Regensburger Aktivist zu Haftstrafe verurteilt – Er protestiert gleich weiter

Von Philip Hell · 1. September 2023 um 11:56

Der Fall sorgte bundesweit für Schlagzeilen: Ein Regensburger Klimaaktivist von der Letzten Generation musste sich im Januar in Stuttgart vor Gericht verantworten – da weilte er jedoch gerade in Thailand. Nun wurde der Prozess neu aufgerollt – mit einem bitteren Ende für den Regensburger.

Der Richter am Amtsgericht Bad Cannstatt, einem Stadtteil von Stuttgart, verurteilte den 24-Jährigen zu einer Haftstrafe von zwei Monaten – ohne Bewährung. In dem Verfahren ging es um eine Straßenblockade vor rund einem Jahr. Das bestätigte die Direktorin des Gerichts auf Anfrage der Mediengruppe Bayern. Heißt im Klartext: Der Regensburger Klimakleber muss acht Wochen hinter Gittern.

Eigentlich waren der Aktivist und eine Mitangeklagte in Abwesenheit zu Geldstrafen verurteilt worden, das Verfahren wurde allerdings aufgrund eines Formfehlers neu aufgerollt, wie die Stuttgarter Nachrichten berichten.

Wohl keine „günstige Legalprognose“

Bislang wurden Klimaaktivisten meist zu Geldstrafen verurteilt – auch der Regensburger musste schon mal zahlen. Warum war das in diesem Fall anders? Wie die Sprecherin des Gerichts ausführt, brauche es eine „günstige Legalprognose“, um einem Angeklagten noch Bewährung gewähren zu können. Das sei beim Regensburger nicht möglich gewesen. Er habe noch im Gerichtssaal weitere Straftaten angekündigt, sagte die Gerichtssprecherin. Wann der junge Mann in Haft muss, ist noch nicht klar. Das Urteil sei noch nicht rechtskräftig, sagte die Sprecherin des Stuttgarter Gerichts.

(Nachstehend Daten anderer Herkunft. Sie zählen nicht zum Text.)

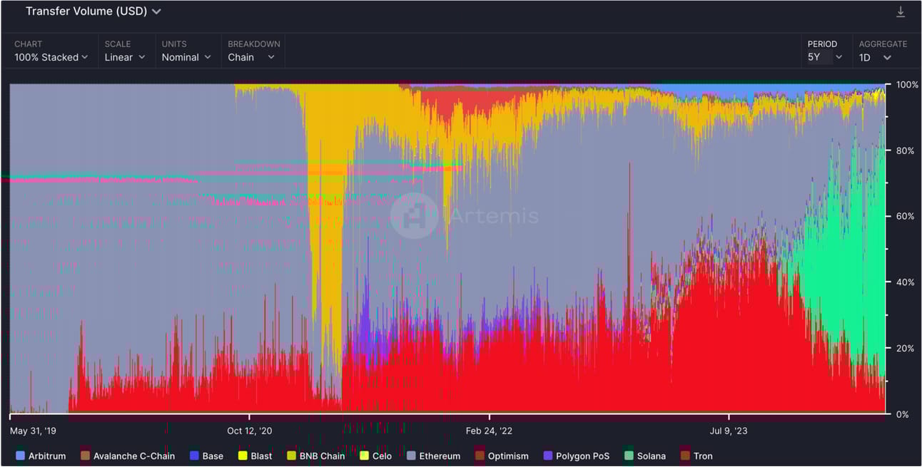 Paypal chose to move forward with Solana (neon green) because of its stablecoin dominance.
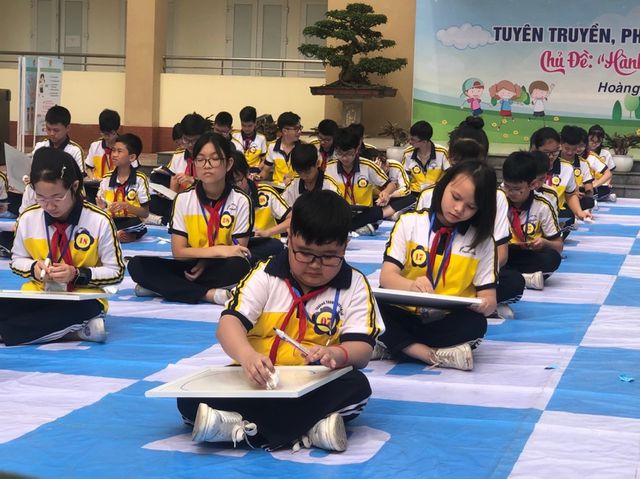 Các em học sinh hào hứng tham gia cuộc thi Rung chuông vàng với chủ đề “Phòng chống bạo lực và xâm hại trẻ em” |

Auf Anfragen der MZ reagierte der Klimaaktivist nicht. Die Letzte Generation bestätigt das Urteil allerdings. Er sei nach dem Richterspruch direkt wieder nach München gefahren, um sich an Protesten zu beteiligen, sagte einer Sprecher der Klima-Gruppe. Am Abend sei er ein paar Stunden in einer Gefangenensammelstelle gewesen, sagte der Sprecher der Letzten Generation weiter.

Aktivist: Haft ist das „kleinere Übel“

Der Regensburger Simon Lachner, ebenfalls Aktivist der Letzten Generation und ein Freund des Verurteilten, nannte den Richterspruch schockierend. Gleichsam schockierend sei es allerdings, dass die Regierung mit ihrer Klimapolitik weiter einen Verfassungsbruch begehe, so Lachner. „Für mich ist klar, dass die Folgen der Klimakrise viel gravierender sind als eine Haftstrafe.“ Auch er habe Angst vor einer Inhaftierung. „Aber das ist das kleinere Übel, wenn ich daran denke in einigen Jahren meinem kleinen Neffen erklären zu müssen, warum es ständig zu Extremwetterereignissen kommt.“

Während unklar ist, wann der nun verurteilte Aktivist hinter Gitter muss, sind einige seiner Mitstreiter bereits in Haft – zumindest vorübergehend. Die Letzte Generation teilte gestern mit, dass Ronja Künkler, eine 24-jährige Musikerin aus Regensburg bis 12. September in der Justizvollzugsanstalt Stadelheim einsitzt. Dort befindet sie sich nach Angaben der Letzten Generation in Präventivhaft.